La dés-union qui règne dans l’existence n’échappe pas au jugement lui-même quand il ré-unit, quand il prononce par exemple « cet-homme-est-noir » (« homme » et « noir » ne vont pas nécessairement ensemble). Il reconnaît la duplicité dont le réel est affecté, comme d’une déchirure multiple. Duplicité ontologique s’entend, mais source de toutes les autres. Aristote a raison d’évoquer à ce propos le « faux », comme mensonge et négation de l’être. Le faux c’est ce qui n’existe pas, — ce qui n’existe pas tel qu’on le dit.
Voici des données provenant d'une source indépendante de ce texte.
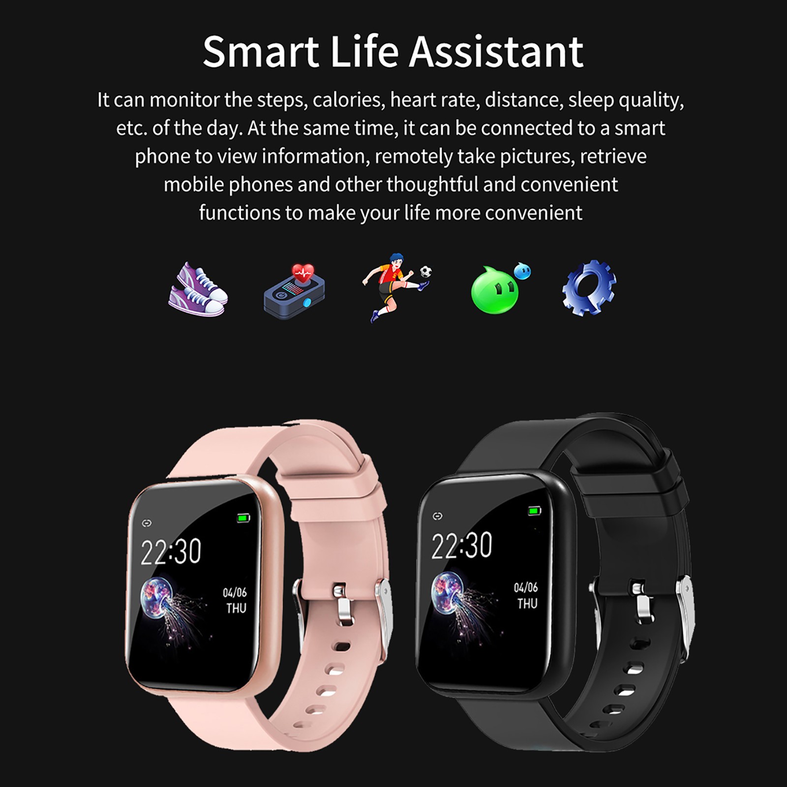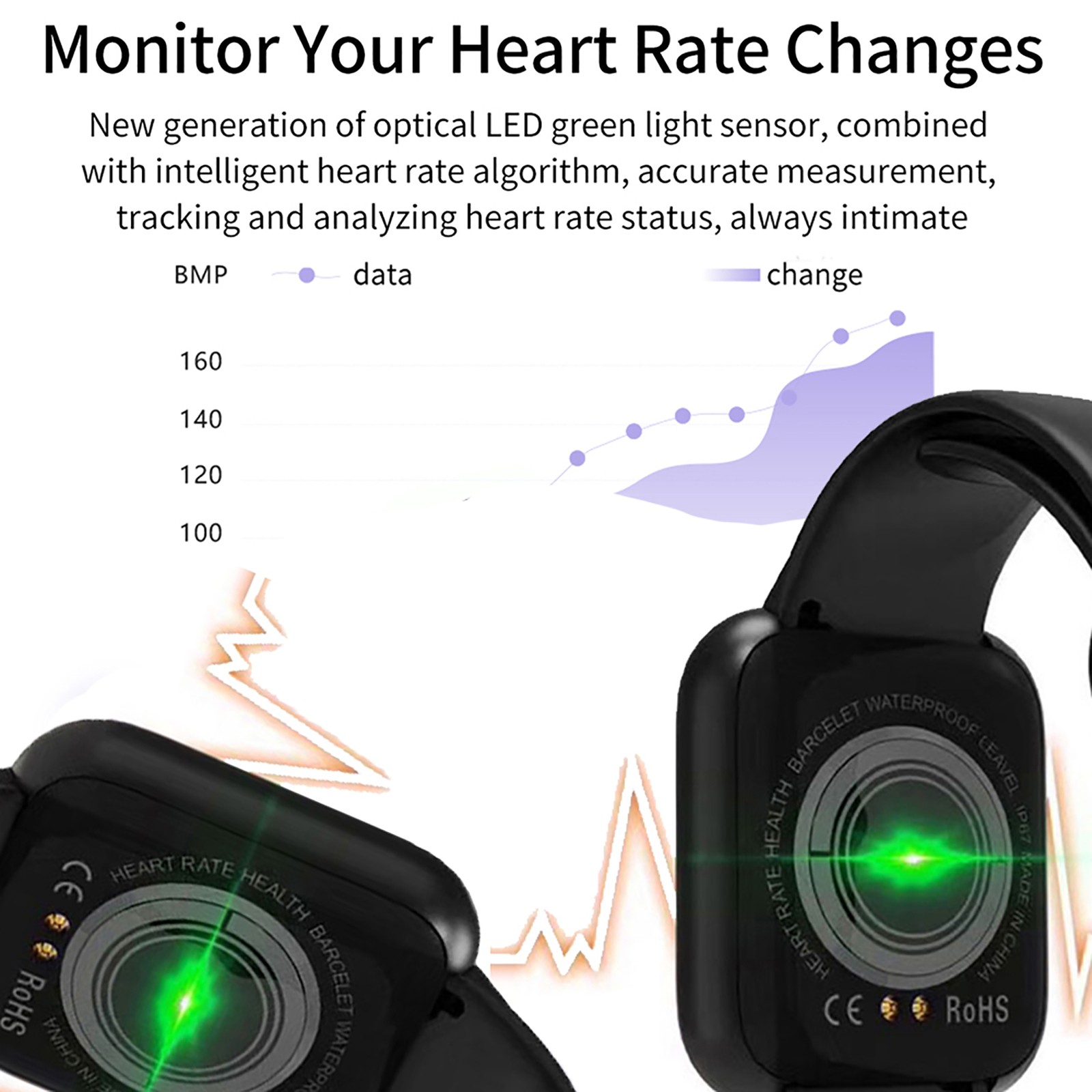 1. Based on pulse conduction rate technology, heart rate, blood pressure, and blood oxygen monitoring are measured by the optical sensor of the bracelet and displayed on the screen 2. Multiple exercise modes, record exercise data in real time without the mobile phone. Sports health data can be synchronized to the App, and you can view your own sports health data in the App. 3. Vacuum plating in the metal furnace, anti-scratch treatment, enhance the metal texture and hardness of the watch, anti-squandering and wear-resistant 4. The bracelet has a built-in exclusive custom dial, which can be changed by pressing and holding the screen. You can match different occasions and moods 5. After rigorous testing, it is waterproof and stress-free in daily life, raining, washing hands, splashing waterParameters:

Et cette inversion du langage n’est si grave que parce qu’elle pervertit la radicale vocation au réel et à l’existence de la parole-pensée (logos).

La conception aristotélicienne des catégories est une conception de synthèse. Ni purement grammaticale ou logique, ni purement noétique ou épistémologique. Il faut répudier l’alternative qui voudrait en faire exclusivement ceci ou cela. Logique et Ontologique ne s’opposent pas, ne s’excluent pas, se joignent au contraire dans le Noétique, selon un processus que nous aurons à étudier de plus près, parce qu’il couvre l’étendue entière de ce qui est dit, — comme « pensé », — en train d’être (phonai – noemata – pragmata).

Les catégories ne sont des compartiments du langage, et de l’affirmation que parce que le réel lui-même pose question. Il est juste que le doute universel en quoi consiste — selon nous — la démarche initiale de la métaphysique se diversifie, en multipliant les questions sur tous les secteurs où la réalité même (de ce que l’on met en doute) les fait soulever : pollakos.